Tcl Source Code

View Ticket
Login
Ticket UUID: 85b7226da1ecf6194342f802ff4361bfc75b8a34
Title: scan of data containing 0x, 0b treated differently to 0d,0o
Type: Bug Version: 8.6,8.7,9
Submitter: juliannoble2 Created on: 2023-08-28 13:02:23
Subsystem: 11. Conversions from String Assigned To: griffin
Priority: 5 Medium Severity: Important
Status: Closed Last Modified: 2023-09-21 17:15:42
Resolution: Wont Fix Closed By: griffin
    Closed on: 2023-09-21 17:15:42
Description:
P% scan 0x11 %x
-  17
P% scan 0b11 %b
-  3
P% scan 0d11 %d
-  0
P% scan 0o11 %o
-  0

expected 11 for the decimal scan and 9 for the octal one.
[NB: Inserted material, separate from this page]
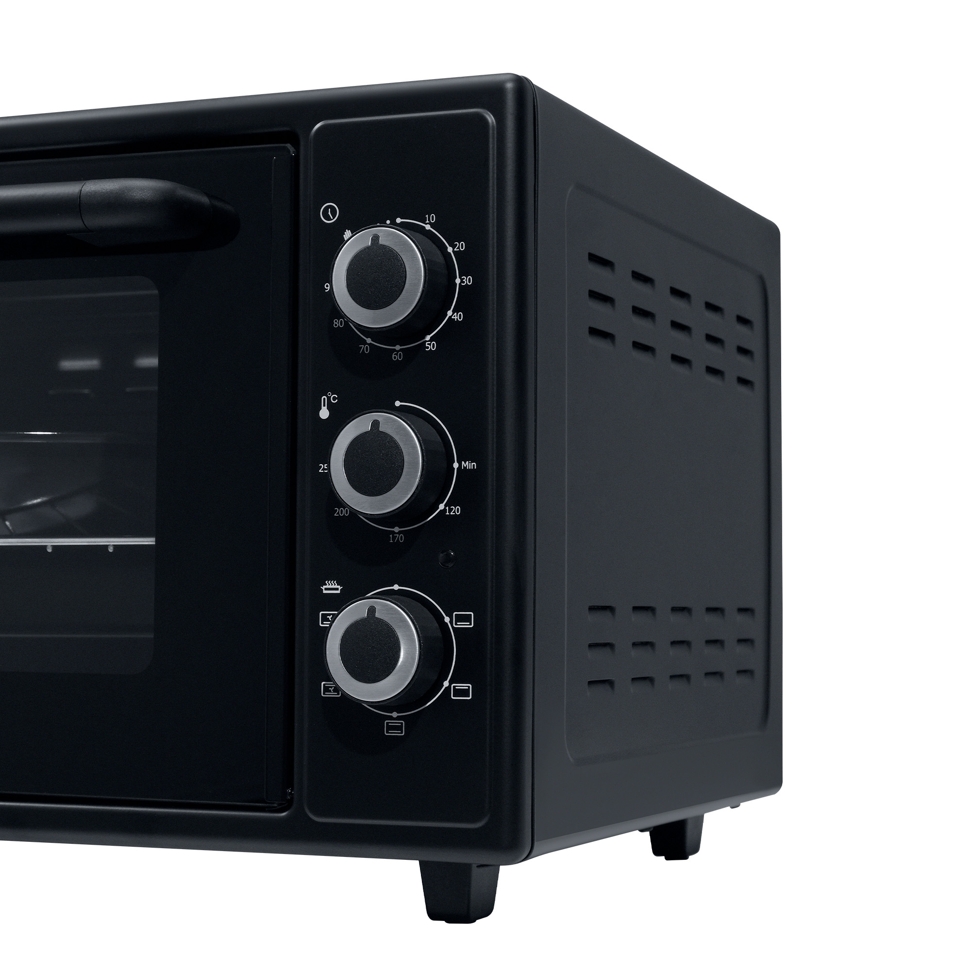 Все элементы у мини-печи выполнены с вниманием к деталям. Механическая панель управления легко настраивается и позволяет сфокусировать своё внимание на готовке, а не на настройке мини-печи. Уход за мини-печью занимает минимум усилий: съёмные противни и стеклянная дверца легко моются. В комплекте есть всё необходимое для начала приготовления пищи без покупки дополнительной посуды.

The man page doesn't make it obvious to me that scan 0x11 should return 17 rather than 0 - but it seems this has worked for a while - so my guess is that decimal and octal should be updated to match the binary and hex behaviour.
User Comments: griffin added on 2023-09-21 17:15:42:
Works as intended.

griffin added on 2023-09-21 17:10:44:

The scan man page states that scan functions "... in a fashion similar to the ANSI C sscanf procedure ...", with a few explicitly identified exceptions. With this in mind, I conclude that the scan is functioning as designed, matching C's sscanf behavior as shown in these results:

usage: ./cscan <string-value> <format-string> <value-type:(i|b|d|f|c)>
Uninitialized variables have value of -777, -7.77, or "BAAD"
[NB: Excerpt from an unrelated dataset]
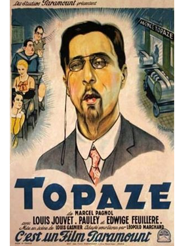 Chef d’oeuvre mais adaptation pourtant haïe par son auteur, Marcel Pagnol, qui reprochera à Louis Gasnier d’avoir sacrifié son texte – reproches qui lui vaudront une brouille et une séparation avec la Paramount – Topaze marque les débuts et le succès de sa tête d’affiche, Louis Jouvet, à jamais dans les mémoires pour sa célèbre dictée, et sa prononciation inégalée. Un régal que ne dépasseront pas les deux versions suivantes (1936, 1951), réalisées, elles, par le cinéaste et auteur marseillais.

sscanf("0o110", "%o%s", &i, &remainder) -> returned 2, results i=0 remainder="o110"
 scan  "0o110"  "%o%s"  i    remainder  -> returned 2, results i=0 remainder="o110"
sscanf("0d110", "%d%s", &i, &remainder) -> returned 2, results i=0 remainder="d110"
 scan  "0d110"  "%d%s"  i    remainder  -> returned 2, results i=0 remainder="d110"
sscanf("0x110", "%x%s", &i, &remainder) -> returned 1, results i=272 remainder="BAAD"
 scan  "0x110"  "%x%s"  i    remainder  -> returned 1, results i=272 remainder="BAAD"
sscanf("0b110", "%b%s", &i, &remainder) -> returned 0, results i=-777 remainder="BAAD"
 scan  "0b110"  "%b%s"  i    remainder  -> returned 1, results i=6 remainder="BAAD"
sscanf("true", "%b%s", &i, &remainder) -> returned 0, results i=-777 remainder="BAAD"
 scan  "true"  "%b%s"  i    remainder  -> returned 0, results i=-777 remainder="BAAD"
sscanf("0", "%b%s", &i, &remainder) -> returned 0, results i=-777 remainder="BAAD"
 scan  "0"  "%b%s"  i    remainder  -> returned 1, results i=0 remainder="BAAD"
sscanf("0110", "%o%s", &i, &remainder) -> returned 1, results i=72 remainder="BAAD"
 scan  "0110"  "%o%s"  i    remainder  -> returned 1, results i=72 remainder="BAAD"
sscanf("110", "%o%s", &i, &remainder) -> returned 1, results i=72 remainder="BAAD"
 scan  "110"  "%o%s"  i    remainder  -> returned 1, results i=72 remainder="BAAD"
sscanf("110", "%i%s", &i, &remainder) -> returned 1, results i=110 remainder="BAAD"
 scan  "110"  "%i%s"  i    remainder  -> returned 1, results i=110 remainder="BAAD"
sscanf("110.3ms", "%lg%s", &d, &remainder) -> returned 2, results d=110.300000 remainder="ms"
 scan  "110.3ms"  "%lg%s"  d    remainder  -> returned 2, results d=110.3 remainder="ms"
sscanf("0d10", "%x%s", &i, &remainder) -> returned 1, results i=3344 remainder="BAAD"
 scan  "0d10"  "%x%s"  i    remainder  -> returned 1, results i=3344 remainder="BAAD"
sscanf("0b10", "%x%s", &i, &remainder) -> returned 1, results i=2832 remainder="BAAD"
 scan  "0b10"  "%x%s"  i    remainder  -> returned 1, results i=2832 remainder="BAAD"
sscanf("0x10", "%x%s", &i, &remainder) -> returned 1, results i=16 remainder="BAAD"
 scan  "0x10"  "%x%s"  i    remainder  -> returned 1, results i=16 remainder="BAAD"

See the attached files to reproduce these results.

I am closing this as "wont fixed", works as intended.


griffin added on 2023-09-02 23:06:42:

With the current state of trunk, Tcl scan matches C's sscanf() behavior, AFAICT.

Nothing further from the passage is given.